WHAT YOU SHOULD DO: Drop the pictures and repeat exactly from the "Canssape Set of" line down to the last line of the entries below.

[Records from a dataset]
-- -- --

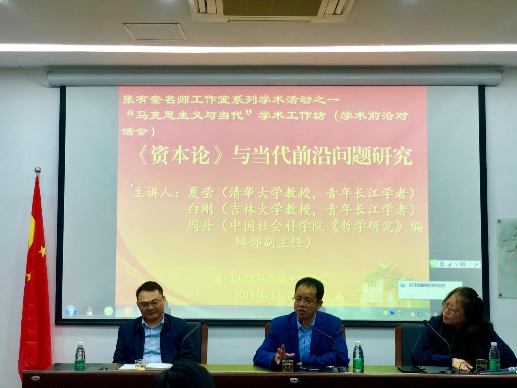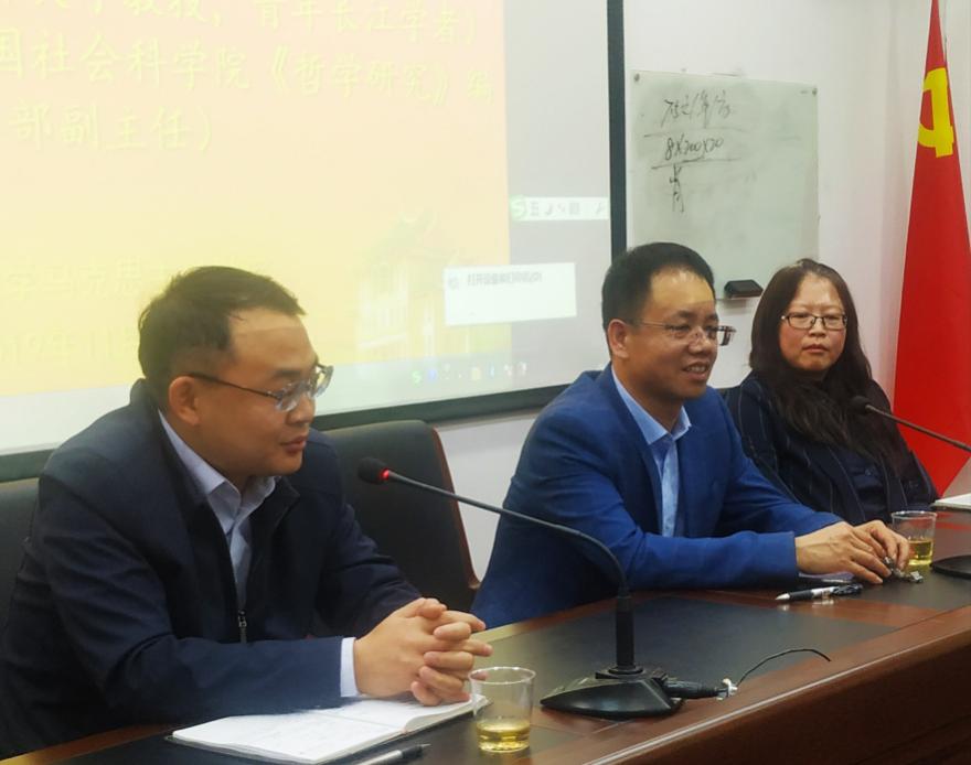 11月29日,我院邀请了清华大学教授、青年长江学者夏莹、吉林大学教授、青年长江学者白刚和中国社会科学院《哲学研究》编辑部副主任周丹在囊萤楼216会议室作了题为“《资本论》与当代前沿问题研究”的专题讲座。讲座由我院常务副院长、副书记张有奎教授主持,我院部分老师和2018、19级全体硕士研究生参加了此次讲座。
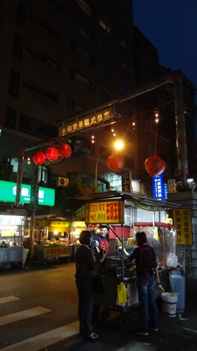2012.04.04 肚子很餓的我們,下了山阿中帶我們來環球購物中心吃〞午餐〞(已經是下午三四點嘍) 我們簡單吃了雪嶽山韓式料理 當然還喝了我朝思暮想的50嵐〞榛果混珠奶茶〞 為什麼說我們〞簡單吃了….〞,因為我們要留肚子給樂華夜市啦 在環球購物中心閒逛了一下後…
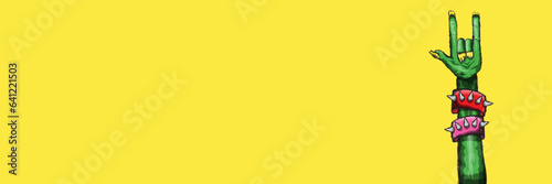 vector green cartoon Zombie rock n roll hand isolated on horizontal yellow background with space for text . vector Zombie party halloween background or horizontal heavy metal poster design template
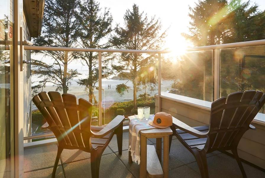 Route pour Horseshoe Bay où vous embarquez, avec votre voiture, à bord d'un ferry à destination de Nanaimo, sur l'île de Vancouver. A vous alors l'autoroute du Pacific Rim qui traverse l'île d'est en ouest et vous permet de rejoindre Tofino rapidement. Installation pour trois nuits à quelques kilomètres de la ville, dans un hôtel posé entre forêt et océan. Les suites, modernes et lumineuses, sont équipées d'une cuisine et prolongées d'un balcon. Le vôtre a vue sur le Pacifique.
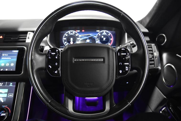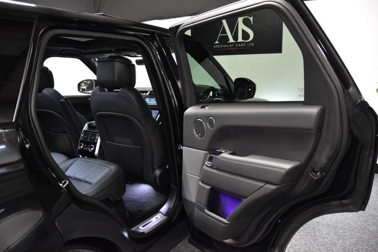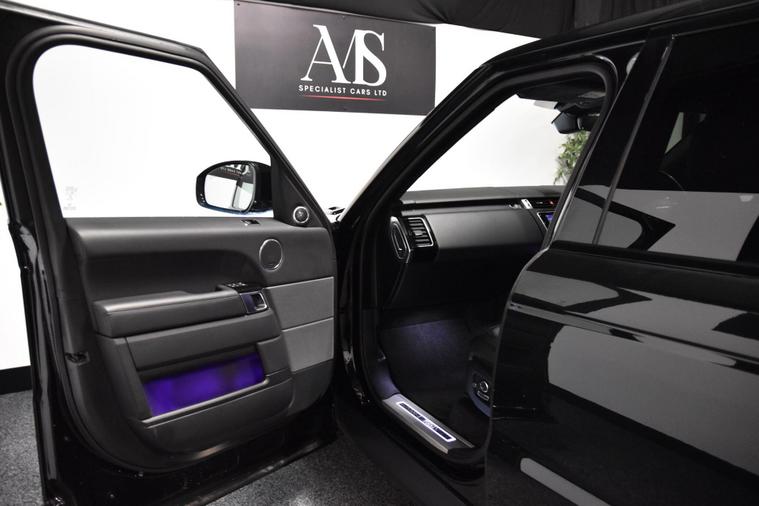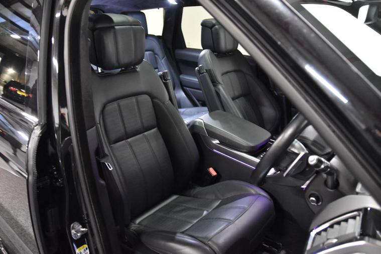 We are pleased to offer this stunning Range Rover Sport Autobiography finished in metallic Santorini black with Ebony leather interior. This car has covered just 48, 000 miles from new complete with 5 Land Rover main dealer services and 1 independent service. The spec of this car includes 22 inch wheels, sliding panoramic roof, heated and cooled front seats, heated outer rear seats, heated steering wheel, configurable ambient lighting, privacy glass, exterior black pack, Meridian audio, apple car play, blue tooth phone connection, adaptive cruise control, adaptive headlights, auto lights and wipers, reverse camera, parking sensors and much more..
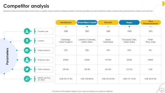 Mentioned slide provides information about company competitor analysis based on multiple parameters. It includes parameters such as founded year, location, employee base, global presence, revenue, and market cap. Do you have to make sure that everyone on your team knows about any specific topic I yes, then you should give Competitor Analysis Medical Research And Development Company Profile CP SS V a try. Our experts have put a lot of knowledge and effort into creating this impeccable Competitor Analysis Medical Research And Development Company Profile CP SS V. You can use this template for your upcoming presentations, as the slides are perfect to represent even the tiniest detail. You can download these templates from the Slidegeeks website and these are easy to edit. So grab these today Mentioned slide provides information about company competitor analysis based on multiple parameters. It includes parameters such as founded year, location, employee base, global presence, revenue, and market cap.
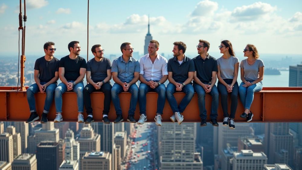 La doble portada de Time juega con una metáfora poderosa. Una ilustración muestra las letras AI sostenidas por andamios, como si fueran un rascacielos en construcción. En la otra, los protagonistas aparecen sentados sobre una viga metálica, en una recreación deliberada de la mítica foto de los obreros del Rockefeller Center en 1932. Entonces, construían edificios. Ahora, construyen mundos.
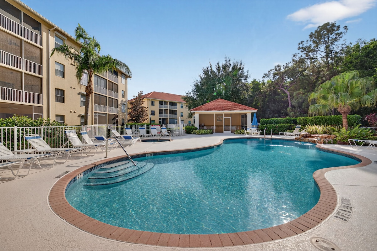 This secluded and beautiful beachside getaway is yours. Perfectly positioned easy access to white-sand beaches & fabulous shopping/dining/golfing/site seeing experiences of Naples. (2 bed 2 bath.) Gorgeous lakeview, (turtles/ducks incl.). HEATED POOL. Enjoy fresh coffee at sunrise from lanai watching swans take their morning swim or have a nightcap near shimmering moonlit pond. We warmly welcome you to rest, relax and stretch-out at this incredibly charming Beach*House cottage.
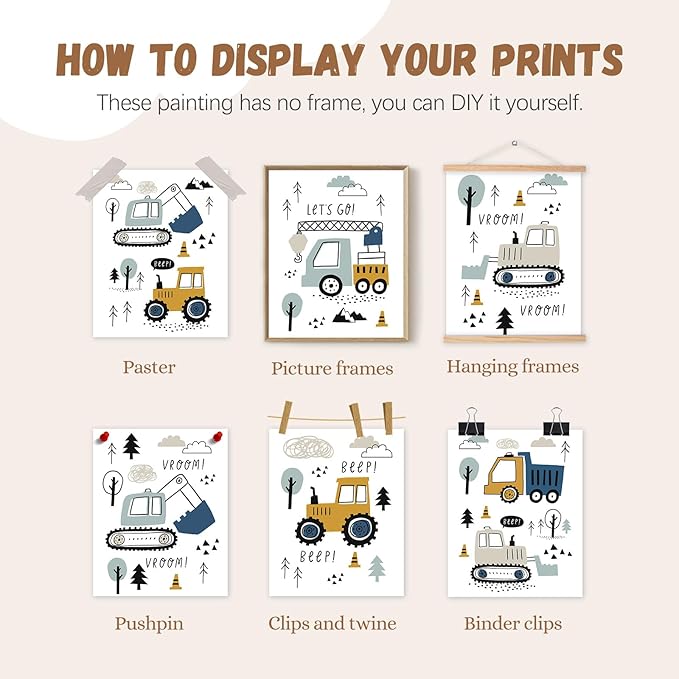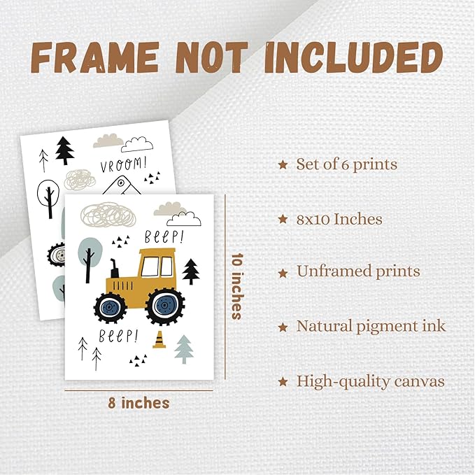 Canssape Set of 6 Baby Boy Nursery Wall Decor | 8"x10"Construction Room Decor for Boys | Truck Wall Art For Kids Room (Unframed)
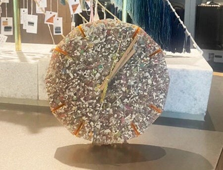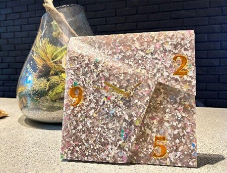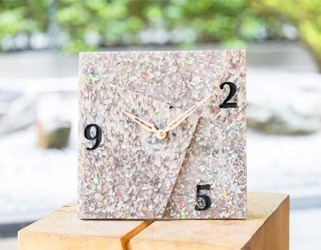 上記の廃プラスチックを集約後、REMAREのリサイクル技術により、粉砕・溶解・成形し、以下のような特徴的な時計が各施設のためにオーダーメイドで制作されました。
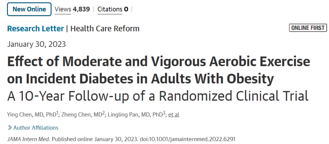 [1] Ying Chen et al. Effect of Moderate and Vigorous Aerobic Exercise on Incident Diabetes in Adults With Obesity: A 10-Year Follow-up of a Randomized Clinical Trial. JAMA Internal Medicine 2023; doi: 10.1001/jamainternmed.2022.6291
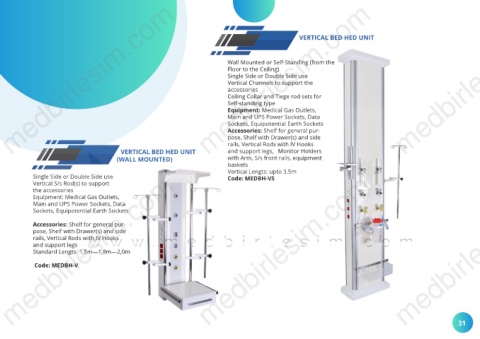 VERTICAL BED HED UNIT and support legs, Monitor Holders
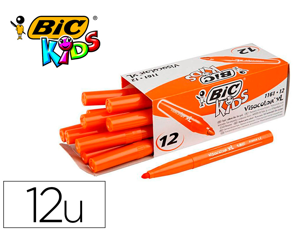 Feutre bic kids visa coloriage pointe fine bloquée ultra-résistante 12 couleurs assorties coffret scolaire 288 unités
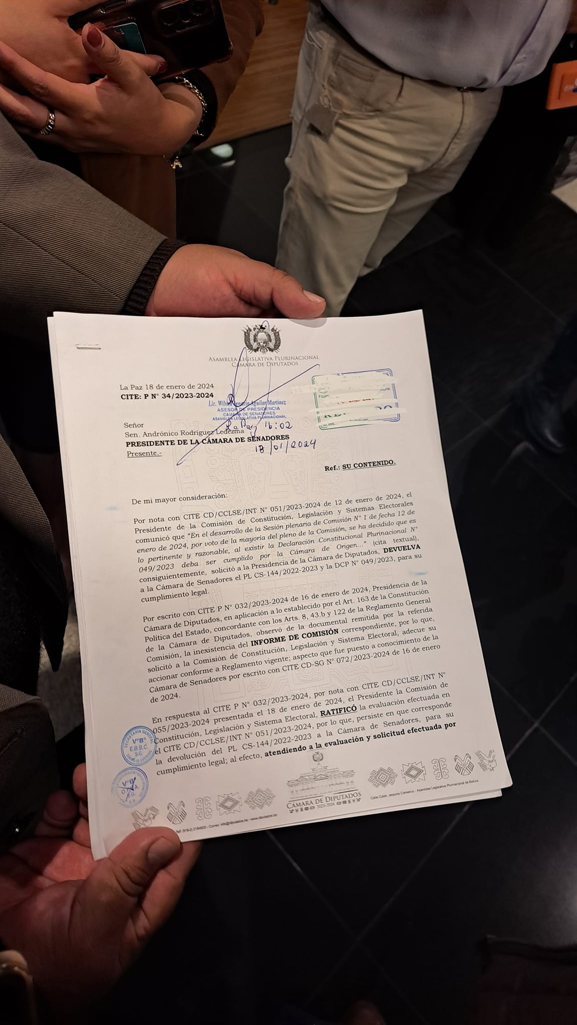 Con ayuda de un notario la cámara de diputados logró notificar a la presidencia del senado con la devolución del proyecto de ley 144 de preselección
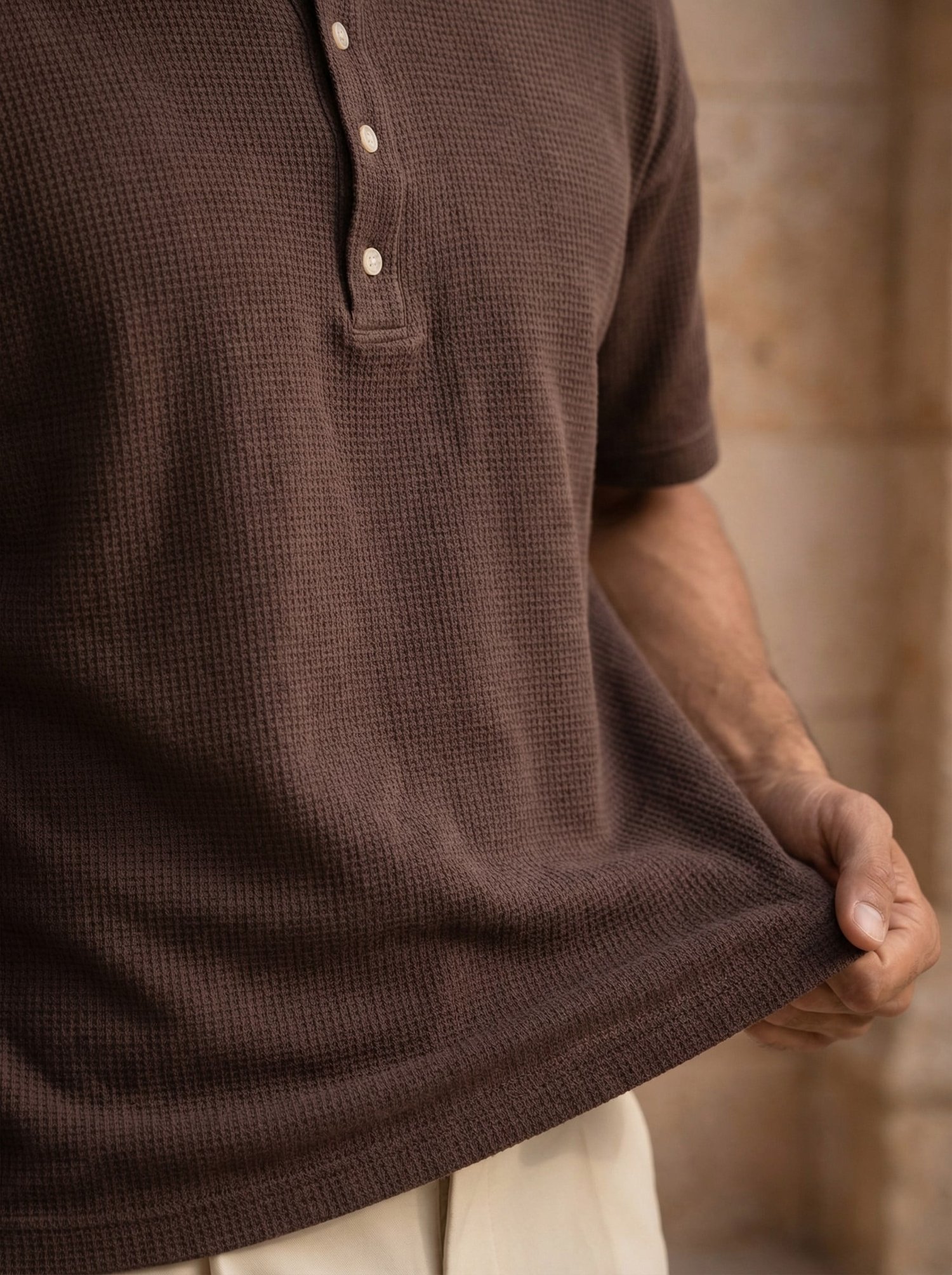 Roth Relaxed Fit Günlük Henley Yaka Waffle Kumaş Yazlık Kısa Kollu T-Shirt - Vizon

-- -- --

RESPONSE BOX:
 Canssape Set of 6 Baby Boy Nursery Wall Decor | 8"x10"Construction Room Decor for Boys | Truck Wall Art For Kids Room (Unframed)
 上記の廃プラスチックを集約後、REMAREのリサイクル技術により、粉砕・溶解・成形し、以下のような特徴的な時計が各施設のためにオーダーメイドで制作されました。
 [1] Ying Chen et al. Effect of Moderate and Vigorous Aerobic Exercise on Incident Diabetes in Adults With Obesity: A 10-Year Follow-up of a Randomized Clinical Trial. JAMA Internal Medicine 2023; doi: 10.1001/jamainternmed.2022.6291
 VERTICAL BED HED UNIT and support legs, Monitor Holders
 Feutre bic kids visa coloriage pointe fine bloquée ultra-résistante 12 couleurs assorties coffret scolaire 288 unités
 Con ayuda de un notario la cámara de diputados logró notificar a la presidencia del senado con la devolución del proyecto de ley 144 de preselección
 Roth Relaxed Fit Günlük Henley Yaka Waffle Kumaş Yazlık Kısa Kollu T-Shirt - Vizon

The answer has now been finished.